Henüz 25-26 yaşlarında bulundukları sırada hem Arapça lisanını ilerletmek,hem de tanınmış sofilerle görüşmek ve onların kemal ve zevklerine erişme yollarını araştırmak maksadıyla şeyhinin ve ailesinin müsaadelerini alarak gezisine Bağdadtan başlayarak bütün Arap yarımadasını dolaşmış, o zamanlar hocası yalnız Mısırda bulunan "Miftah-ı Ulumil Gayb" (Gayb ilimleri anahtarı) ilmini öğrenmek üzere Mısıra gidip Ezher Camii civarında bir Kadiri şeyhinin yanına yerleşmiştir.
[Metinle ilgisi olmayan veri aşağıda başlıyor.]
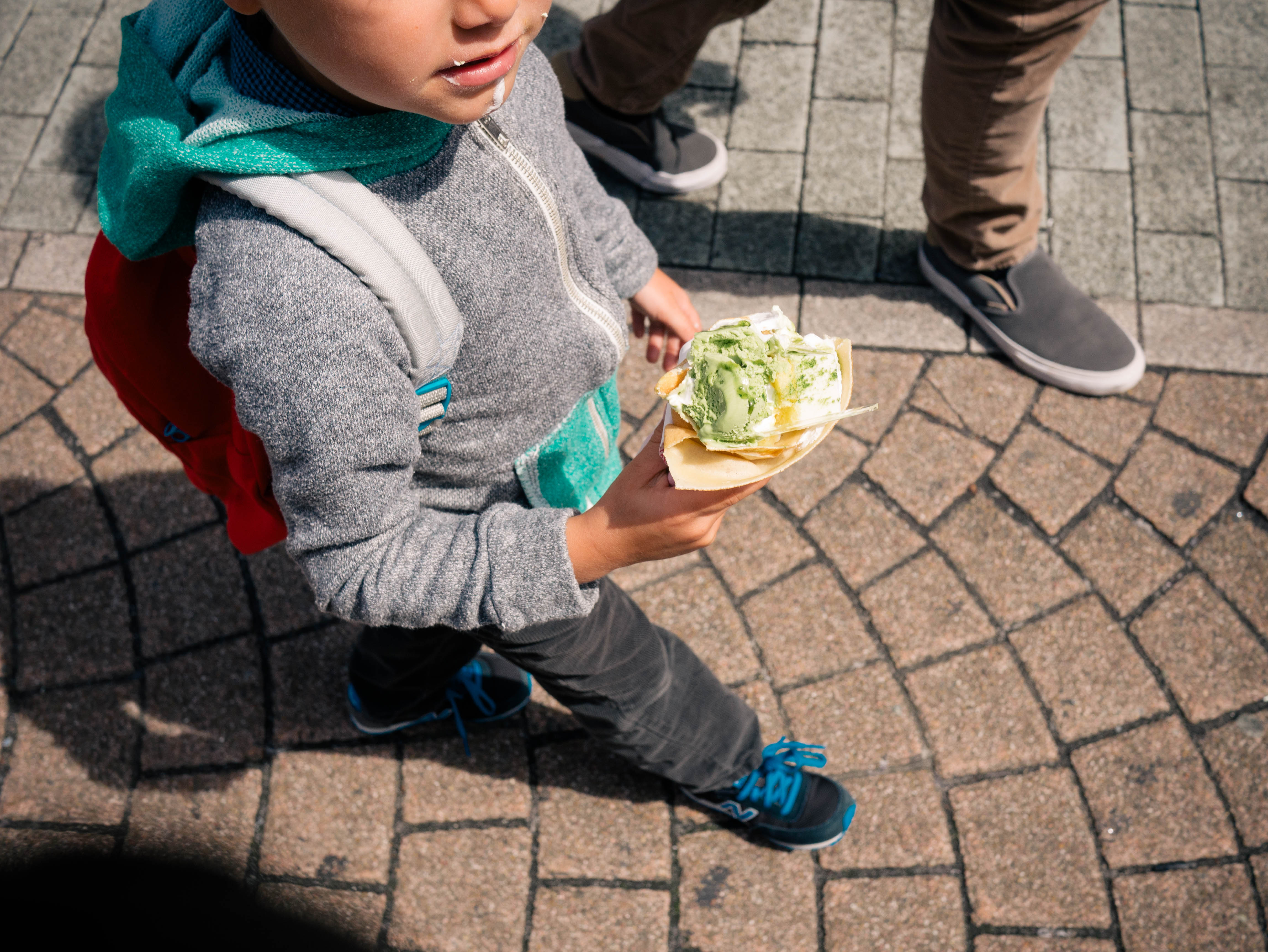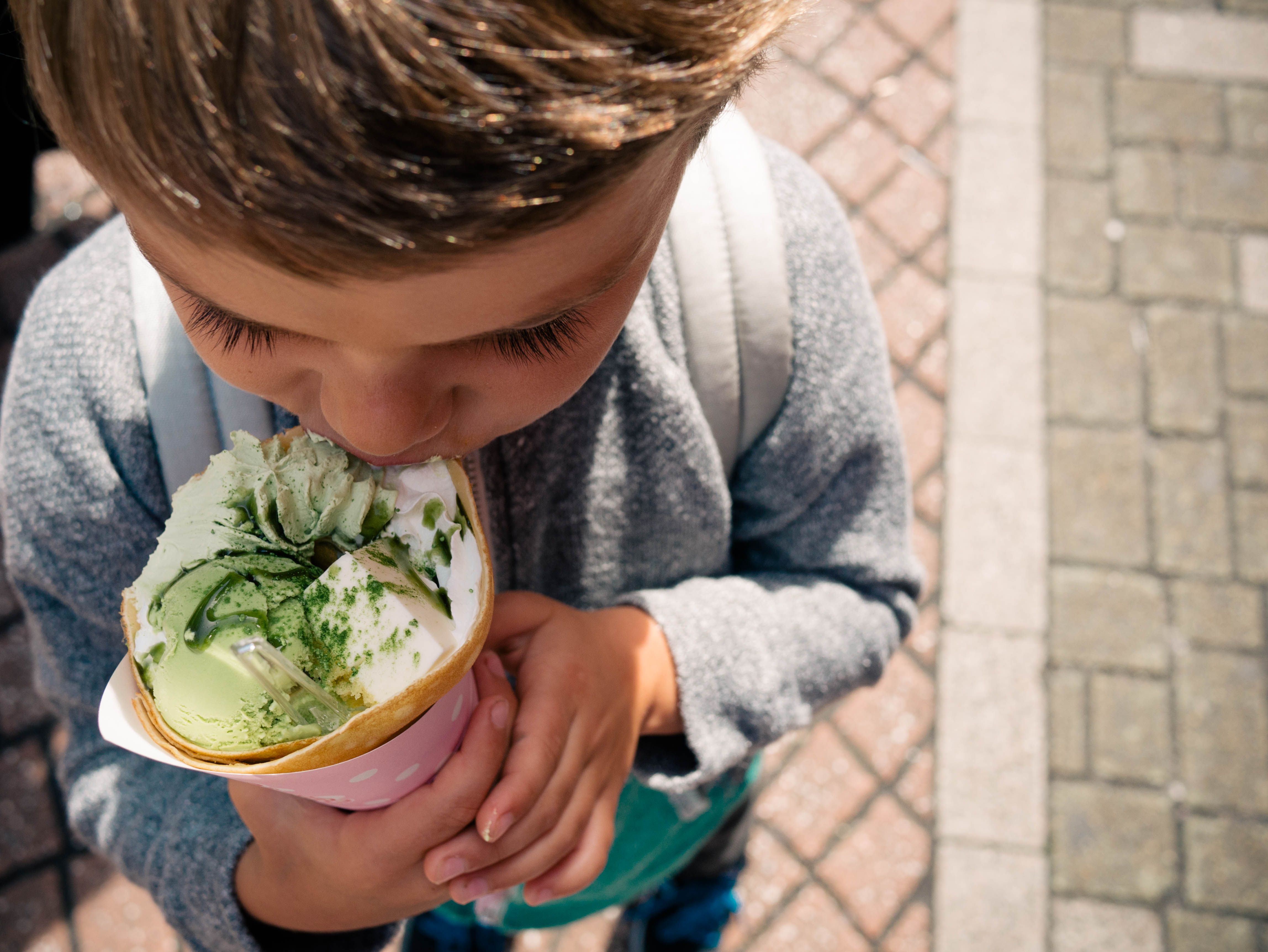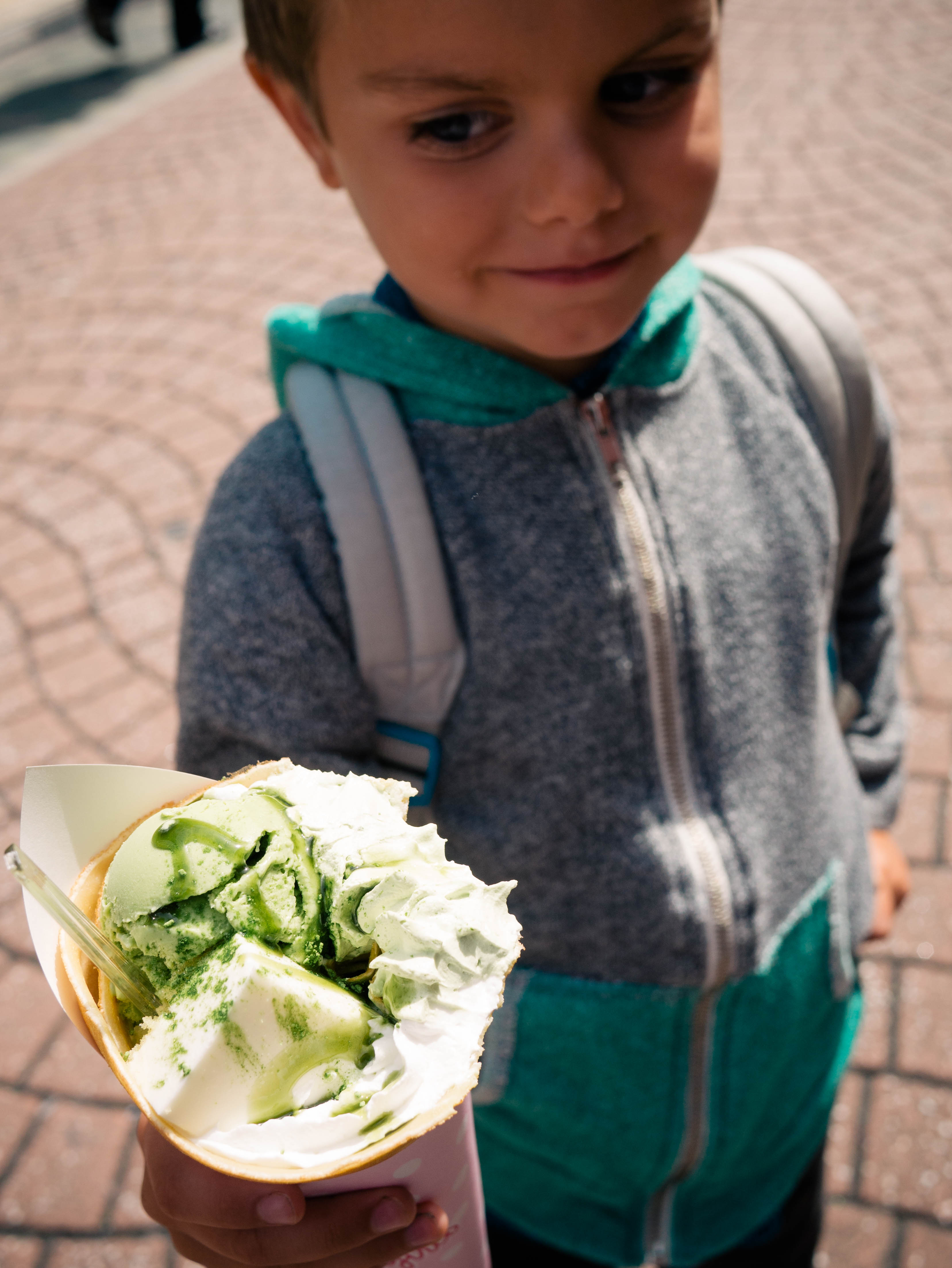 Olly ordered the matcha green tea crepe—not even tempted by the one that had lettuce, tuna, and mayo.
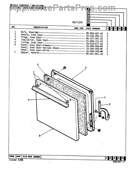 Parts for Norge NGW2HK0: 03 - Door Parts
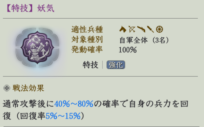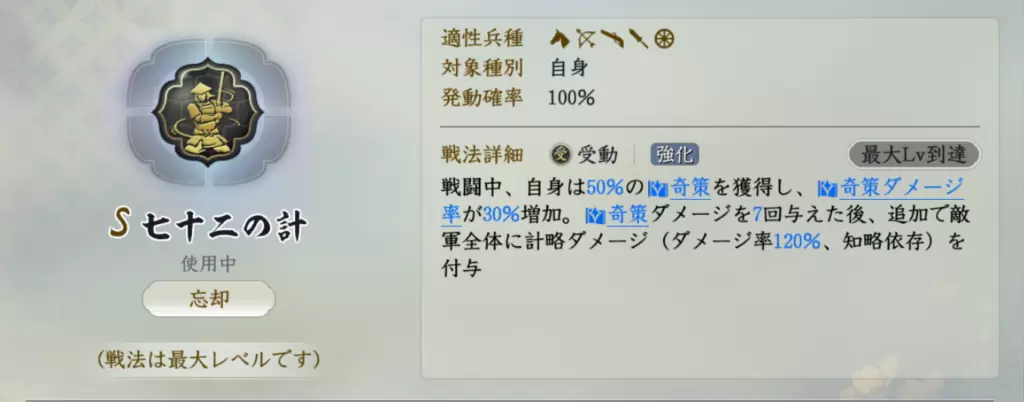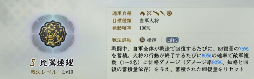 「毎ターン行動前と初めて戦法回復を受けた時に5%の奇策を獲得」については、最大で40%奇策まで上昇。また戦法回復は豊臣秀吉を思い浮かべますが、

Divan sahibi bir yandan Gayb ilmi tahsiline devam ederken, bir yandan da Ezher Camii'nde va'azlar veriyor ve tanınmış ilim adamları ve sofilerle ilişkiler kurarak, onlarla ilmi ve tasavvufi sohbetlerde bulunuyordu.Dört yıla yakın bir süre devam eden tahsil devresinin sonunda Niyazi bir gece rüyasında "Abdülkadir-i Geylani" hazretlerini görür .Geylani rüyasında Niyazi'ye nasibinin bu şehirde olmadığını ve Anadolu tarafını işaret eder.Bunun üzerine şeyhinden ısrarla izin ister,rüyasını duyan şeyhi,kendisine hilafet vermeyi teklif eder ise de O gitmede ısrar eder ve izin alıp Anadolu yoluyla İstanbul'a gelir.Sokullu Mehmet Paşa Medresesi'nde bir hücrede irşada başlar (1646).İstanbul'dan Bursa'ya gidip orada Veled-i Enbiya Camii kayyimi Ali Dede'nin evinde ve Ulu Cami yakınındaki medresede oturan Niyazi-i Mısri,yine bir rüya üzerine Uşak'a giderek Halvetiyyenin Elmalı'lı Yiğitbaşı Ahmet Efendi kolundan ve Ümmi Sinan Halifelerinden Þeyh Mehmed'e intisabedip tecdid-i biat eyler.Ümmi Sinan ile Elmalı'ya giderek şeyhinin dergahında imamlık,hatiplik ve şeyhinin oğluna öğretmenlikte bulunur.Bir aralık İstanbul'a bir seyahat yapar. 1065 (1654-1655) te kendisine Ümmi Sinan tarafından hilafet verilmesine müteakip Uşak'a ve Kütahya'ya,Ümmi Sinan'ın ölümünden sonra tekrar Uşak'a oradan Bursa'ya gidip Hacı Mustafa adlı birinin kızı ile evlenir.Bir kız çocuğu olur.Abdal adlı bir tüccar, Niyazi'ye bir dergah yaptırır.Bu dergah 1080 (1669-1670) tarihinde merasimle açılır.Sadrazam Köprülüzade Fazıl Ahmet Paşa'nın daveti üzerine Edirne'ye giden Niyazi,fazla değer verdiği cıfra dayanarak bazı sözler söylediğinden 1087 (1673) te Rodos'a sürülür.Dokuz ay sonra affedilerek Bursa'ya döner. 1676 tarihinde sürüldüğü Limni Adası'nda 1691 senesine kadar sürgün hayatı yaşadıktan sonra affedilir.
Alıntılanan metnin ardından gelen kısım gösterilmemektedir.